Wanted to share something to make you all laugh! . I am a redhead..shocking i know.. I mean like Ariel from Little Mermaid Red..I’m a natural brunette, but one day my boyfriend made a joke how my personality is that of a redhead..I was like “challenge accepted!” So, I headed off to my wonderful friend that has done my hair for years! She was very hesitant but we did it..and he was speechless the first time he saw it.. Now i’ve changed the shades of red, dark, auburn, now Ariel Red..I think that’s my favorite. Well… I use John Frieda Radiant Red…and I get pissed off EVERY TIME! The tube sucks! It’s not easy for me to get the shampoo out at all.

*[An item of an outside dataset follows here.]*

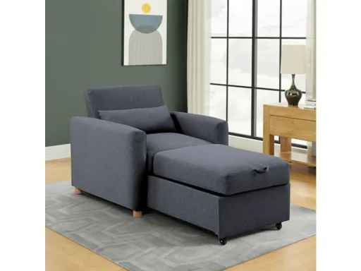 Stretch out in style with the Serta Connor Convertible Chair. This multi-functional chair is easily converted into a lounger or bed depending on your needs, and the high-density foam cushions are packed with pocket coils that provide 24/7 support. Adjust the included throw pillow to maximize your comfort! The durability of the Connor's solid hardwood frame and legs as well as its high-quality woven fabric upholstery will stand up to years of everyday use. Available in Steel, Snow, Light Grey, Silver, Navy, and Cinnamon.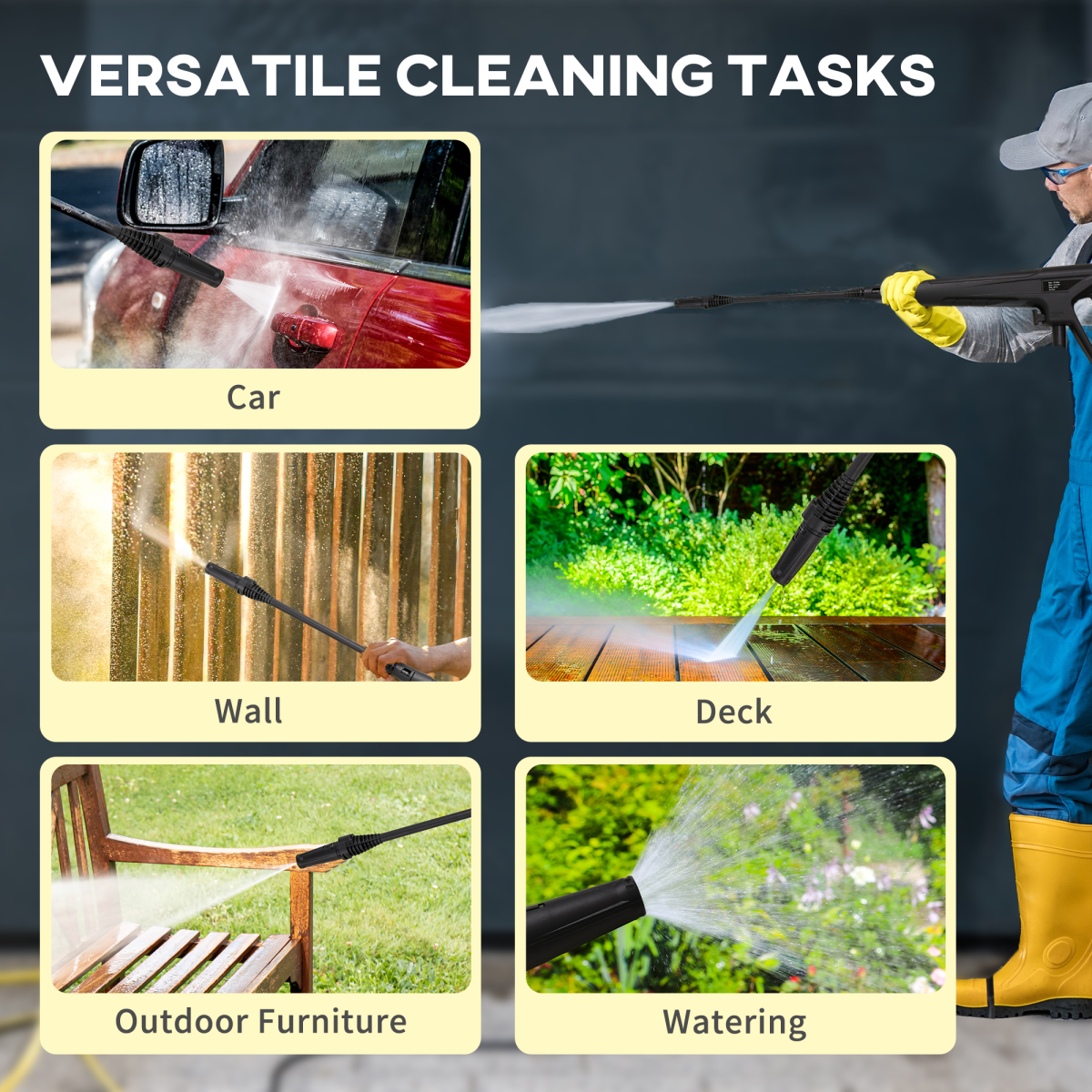 Revitalize your outdoor space with the DURHAND Portable Power Washer! Perfect for cleaning your garden, car, or furniture, this powerful pressure washer packs a punch with a robust 1800W motor. It generates a formidable 150 bar of pressure, delivering a remarkable flow rate of 510 liters per hour, making it your go-to solution for stubborn stains and grime. Designed for convenience, it features a six-meter long hose and a five-meter power cord, allowing for unparalleled flexibility while you clean. The wheeled design makes maneuverability a breeze, ensuring you can easily tackle any cleaning challenge in your yard or driveway!

I’ve dropped it, thrown it and accidentally poured it on bottom of shower and fell and hit my head.. LOL (I can no longer stand in shower, I fall too much, not shampoo related though :p) So… I finally had had enough! I emailed Customer Service of John Frieda Explaining to them that while their product is great the packaging sucks. I said that it is not easy for those with problems gripping items in that shape or lacking strength. Why make the shampoo so difficult to get out?!!!! It’s just stupid!! I know why not switch products you ask..well.. I’m kinda of a creature of habit, and it keeps my hair so shiny and pretty. 🙂  So we’ll see what happens!!!

 

Ariel

 

Radiant Red Tubes

 

Damn You Radiant Red Shampoo Tube!!! I love you and hate you!